I asked Charlie about this. “People do seem to have some very basic responses to places and kinds of spaces,” he said, picking his words with care as he stepped gingerly out onto the ice of architectural theory. “I do happen to believe that there’s a basic vocabulary of ‘buildingness’ that we all share. This is what I try to work with—they’re my tubes of paint. And that’s really all this little booklet is about: singling out a handful of strong spatial experiences that might belong in your building.” Charlie used the word “vocabulary” to describe these architectural elements, but it seemed to me they could scarcely be less literary.
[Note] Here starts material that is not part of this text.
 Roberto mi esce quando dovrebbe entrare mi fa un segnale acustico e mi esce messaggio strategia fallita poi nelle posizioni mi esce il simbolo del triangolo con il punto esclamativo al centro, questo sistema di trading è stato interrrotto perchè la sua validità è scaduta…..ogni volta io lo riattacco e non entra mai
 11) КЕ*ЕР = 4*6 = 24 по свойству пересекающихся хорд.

He wasn’t talking about our interpretation of architectural conventions so much as our unconscious experiences of space—the sort of immediate, poetic responses to place that Bachelard chronicled in
The Poetics of Space
, a book that turned out to be close to Charlie’s heart.

I asked him if anyone else had written about this face of architecture, which seemed such a long way from the world I’d been reading about in
PA
. He mentioned Christopher Alexander, a somewhat unorthodox Bay Area architect who has tried systematically to analyze and catalog all the forms in architecture’s vocabulary, almost as if they were parts of nature and he were an obsessed naturalist.
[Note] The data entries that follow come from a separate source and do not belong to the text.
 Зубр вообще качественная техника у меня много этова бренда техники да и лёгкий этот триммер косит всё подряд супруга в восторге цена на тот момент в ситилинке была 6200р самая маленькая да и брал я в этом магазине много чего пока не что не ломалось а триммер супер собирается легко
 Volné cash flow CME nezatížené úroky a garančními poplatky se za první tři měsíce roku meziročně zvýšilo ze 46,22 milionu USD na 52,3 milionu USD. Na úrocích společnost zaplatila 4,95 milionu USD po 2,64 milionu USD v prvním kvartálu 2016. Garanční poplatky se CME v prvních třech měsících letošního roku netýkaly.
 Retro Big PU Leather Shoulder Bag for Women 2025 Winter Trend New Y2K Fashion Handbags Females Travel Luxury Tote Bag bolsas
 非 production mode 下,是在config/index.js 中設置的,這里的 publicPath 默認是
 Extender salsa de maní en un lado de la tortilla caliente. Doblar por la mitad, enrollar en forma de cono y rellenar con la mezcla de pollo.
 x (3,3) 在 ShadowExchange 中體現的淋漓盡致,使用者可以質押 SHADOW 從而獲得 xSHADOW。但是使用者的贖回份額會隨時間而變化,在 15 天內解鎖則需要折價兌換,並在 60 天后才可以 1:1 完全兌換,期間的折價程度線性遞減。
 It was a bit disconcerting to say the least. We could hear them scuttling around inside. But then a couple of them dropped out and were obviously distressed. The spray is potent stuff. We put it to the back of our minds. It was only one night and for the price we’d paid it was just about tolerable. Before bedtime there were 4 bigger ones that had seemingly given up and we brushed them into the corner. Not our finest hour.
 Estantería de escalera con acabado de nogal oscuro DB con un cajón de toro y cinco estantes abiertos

Alexander calls these forms “patterns,” and his best-known book, A
Pattern Language
*
, published in 1977, is essentially a compilation of 253 of them in a phone-book-thick volume that reads like a vast field guide or encyclopedia. Each pattern is numbered and named (“159: Light on Two Sides of Every Room”), defined in a sentence (“People will always gravitate to those rooms which have light on two sides, and leave the rooms which are lit from one side unused and empty”), and illustrated with a photograph or drawing. Charlie hadn’t exactly read
A Pattern Language
, he admitted, but he’d browsed around in it enough to decide that the definitions and illustrations were apt and even useful, and he suggested I have a look.

My first impression of
A Pattern Language
was that it reminded me of Charlie’s booklet a bit, except that there were long, interesting captions to accompany the photographs, as well as an overarching theory. Like the pictures in Charlie’s book, Alexander’s were strongly evocative of the experience of place: One showed a casement window flung open to embrace an early-morning street scene that reminded me of Paris readying to greet the workday; another, a trellis of bean vines that filigreed the sunlight coming through the window of a shack. There were big pine-plank tables in farmhouse kitchens you wanted to pull a chair up to, and front porches that seemed to say, here’s a sweet place to watch the world go by.

The images were well chosen and immediately appealing, yet the text made clear that there was something more here than a collection of nice places. We were told, in fact, that the “patterns” depicted in these images revealed profound truths about the world and human nature. Indeed, Alexander states that the discovery of any one of these patterns—of something like “light on two sides of every room” or “entrance transition”—is “as hard as anything in theoretical physics.” In a strange and wonderful way,
A Pattern Language
manages to combine a rich poetry of everyday life with the monomania of someone who believes he has found a key to the universe. I suspect Charlie had soaked up the former and skipped over the latter.